Management Responses: Management was unusually transparent, providing granular monthly sales data (Sept, Oct, Nov, Dec) to explain the volatility. They defended the growth investments and M&A strategy as long-term plays while acknowledging the short-term margin pain. They were candid about the lack of visibility for the coming months.
Analysts pressed for details on the $100 million cost savings plan, specifically asking if it was a cut to growth investments or structural changes. Management clarified it was a mix of RIFs ($70M) and discretionary cuts ($30M), with some reallocation to high-growth areas.
There was significant discussion around the 'government shutdown' impact, with analysts trying to quantify the exposure. Management clarified it was indirect, affecting state/local funding for education (20% of CPG sales) rather than direct federal contracts.
Questions regarding The Pink Stuff earn-out reversal revealed that the Consumer business is underperforming aggressive internal targets, leading to a $12.7M liability reversal.
Analysts sought clarity on raw material inflation, where management noted a shift from general inflation to tariff-specific pockets (steel, epoxy resins), expecting underlying deflation to be a tailwind in H2.

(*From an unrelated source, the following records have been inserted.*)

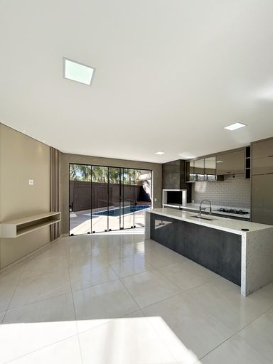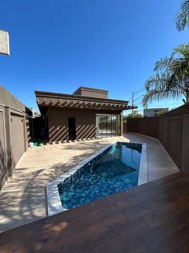 Casa térrea à venda totalmente funcional, com 240 m² de construção, distribuídos em 3 quartos suítes, escritório e área gourmet integrada com área da piscina.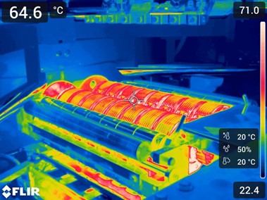 Un estudio realizado con una cámara térmica revela la presencia deelementos calefactores vinculados al sellado de bolsitas y otros dispositivos, cuya temperatura aumenta hasta 65°C, lo que puede alterar localmente los flujos de aire y crear zonas de ascenso.
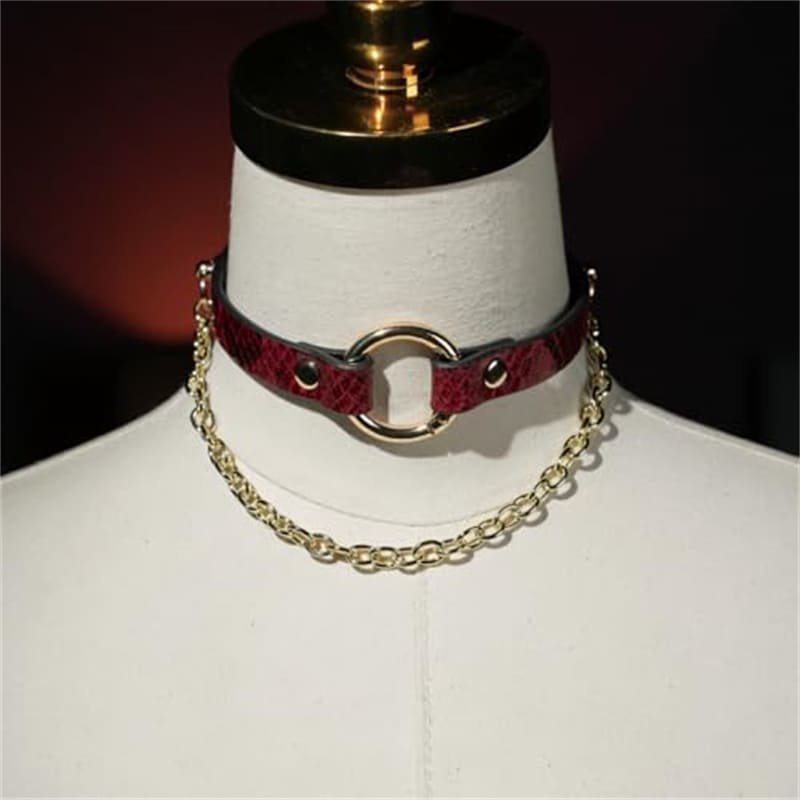 Make a bold statement with this eye-catching Red Snakeskin Leather Choker Necklace with Gold Chain – Gothic Punk Adjustable Women’s Collar. The vivid snakeskin texture paired with a gold-tone chain creates a striking contrast that enhances gothic and punk-inspired outfits.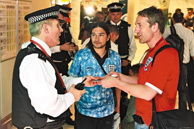 警察在倫敦希斯羅機場檢查英格蘭球迷的證件,阻止足球流氓飛赴南非世盃賽搗亂。 美聯社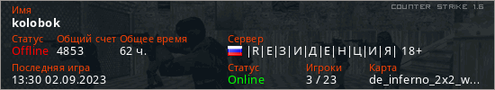 Последний раз был в сети 13:30 02.09.2023 Игрок с таким ником замечен на 24 серверах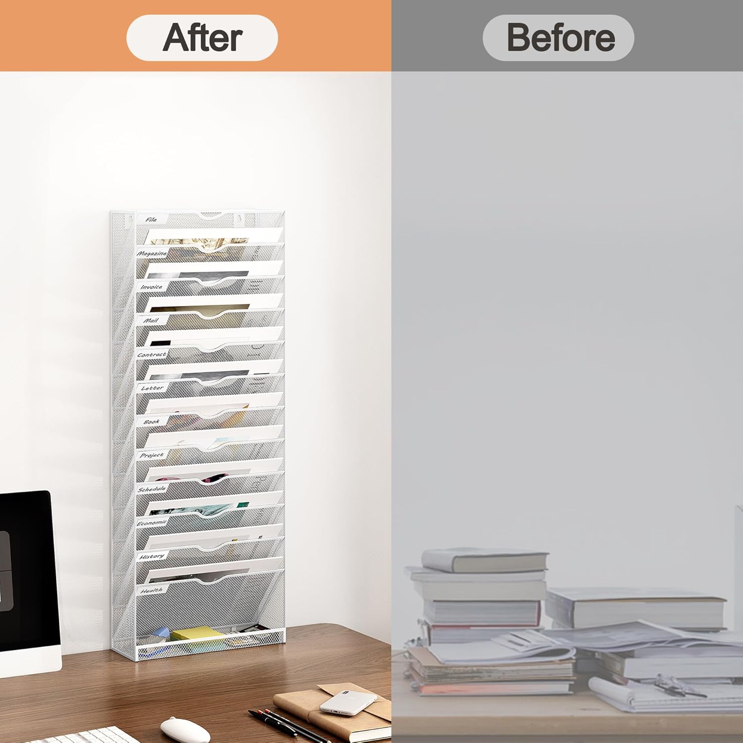 - Durable: The Mail organizer wall mounted is made of durable metal with a coating that extends the life of the wall mount. The metal mesh construction reduces weight while keeping air circulating through the wall paper organizer, so you don't have to worry about mold and mildew on your documents or papers

RPM International is navigating a turbulent period marked by extreme demand volatility and margin pressure. While the December rebound and the aggressive $100 million cost restructuring are positive signs that management is not standing still, the 'conundrum of volatility' makes the near-term trajectory highly uncertain. The strategic pivot to high-performance buildings and systems is sound, but the Consumer segment remains a weak link, and the benefits of the SG&A cuts are largely back-end loaded to FY2027. Investors should wait for clearer evidence of a sustained demand recovery and margin expansion before adding to positions, as the current guidance range remains wide due to low visibility.
The government shutdown and 'Washington dysfunction' froze funding for education and infrastructure projects, causing a 'near standstill' in certain construction sectors. This accounts for a significant portion of the Construction Products Group's revenue.
Underlying chemical trends are turning into tailwinds (deflation), which should benefit H2. However, tariffs are creating specific pockets of inflation in steel packaging (up low teens) and epoxy resins (up high single digits).
Consumer takeaway remains soft, with management noting '2 years of challenging' volume growth. Retailers are managing working capital tightly, contributing to sales declines in the Consumer segment.
Despite current delays, the construction pipeline remains 'solid' with backlogs growing in the Construction Products Group. Management expects delayed projects to convert into activity by the end of the fiscal year.